Security experts from around the world competed on Friday to patch one of the worst computer vulnerabilities discovered in several years. Critical vulnerabilities in open source code used in cloud services and enterprise software by industry and government are widespread.
“It’s hard to imagine a company that isn’t at risk,” said Joe Sullivan, Cloudflare’s chief security officer. The company’s online infrastructure protects websites from malicious attackers. Millions of servers have it installed, and experts say the fallout will be unknown for several days.

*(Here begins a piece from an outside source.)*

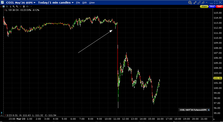 “Note the small spike lower in May Brent crude futures (COIL) at 10:49 GMT, about 15 minutes before the social media post.” Enough said. This is what he and his gang do.

I say. “We have been fully armed for the past 12 hours.” The vulnerability in the Apache Software Foundation module was discovered by the Chinese technology giant Alibaba on November 24, the Foundation announced. Myers expected the computer emergency team to spend a busy weekend identifying all of the affected machines. The hunt becomes even more difficult as the affected software may be found in third-party programs. Exploitation of the bug is very popular with children and appears to have been first discovered in Minecraft, an online game from Microsoft. Myers and security expert Marcus Hutchins said Minecraft users are already using it to run programs on other users’ computers by pasting a short message in the chat box. Rice field.

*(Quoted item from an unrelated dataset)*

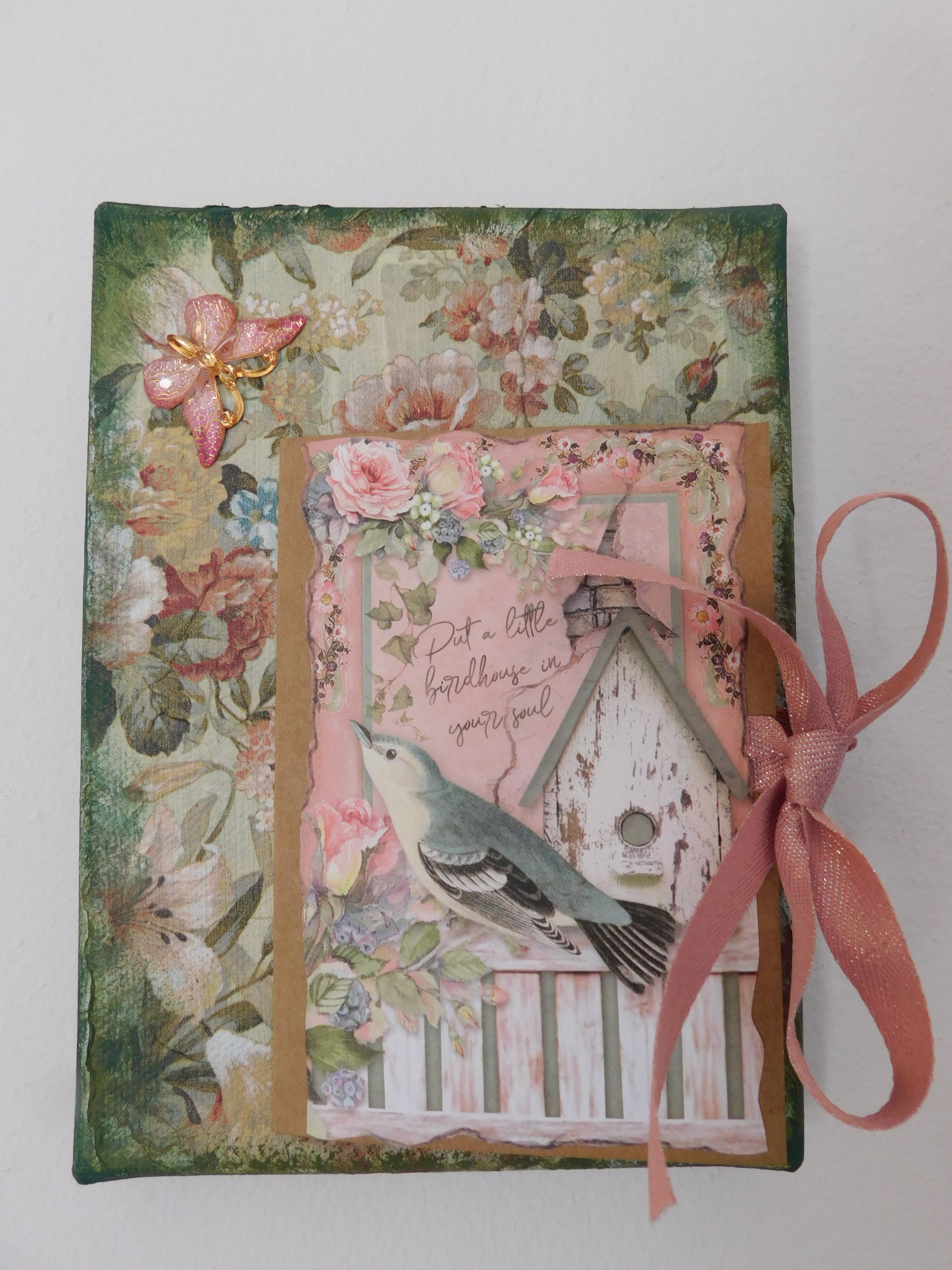 Materials: canvas, rice paper, ribbons, acrylic paints, carton card and other decorative materials.

The Computer Emergency Team in New Zealand was one of the first to report a bug in a Java utility for Apache servers, log user activity hours after it was released, and release a patch on Thursday. It was abused.

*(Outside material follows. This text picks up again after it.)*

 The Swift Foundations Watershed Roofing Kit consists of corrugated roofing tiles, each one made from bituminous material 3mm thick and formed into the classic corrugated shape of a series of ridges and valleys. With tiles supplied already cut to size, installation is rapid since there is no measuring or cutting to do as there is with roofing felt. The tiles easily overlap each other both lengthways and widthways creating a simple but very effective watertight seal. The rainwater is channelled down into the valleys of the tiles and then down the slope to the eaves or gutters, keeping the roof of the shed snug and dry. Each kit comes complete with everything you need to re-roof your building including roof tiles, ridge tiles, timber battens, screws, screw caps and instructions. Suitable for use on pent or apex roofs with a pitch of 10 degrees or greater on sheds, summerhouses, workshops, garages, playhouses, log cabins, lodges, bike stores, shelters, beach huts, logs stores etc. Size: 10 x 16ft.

A vulnerability called “Log4Shell” was rated on a scale of 1 to 10, with 10 being the worst. Anyone with this exploit has full access to the unpatched machine. “The internet is on fire now. People try to install patches, script kiddies, and people of all kinds try to use them, ”said Adam Meyers, senior vice president of intelligence at cybersecurity firm Crowdstrike.
Microsoft has released a software update for Minecraft users that says “Customers who apply the fix are protected”. 4,444 researchers reported finding evidence that the vulnerability could be exploited on servers from companies like Apple, Amazon, Twitter, and Cloudflare. Cloudflare’s Sullivan said there was no evidence that his company’s servers were compromised. Apple, Amazon and Twitter did not immediately respond to requests for comment.
Summary of the news:
- Global competition is under way to fix serious computer errors
- Check out all the news and articles on the latest security updates.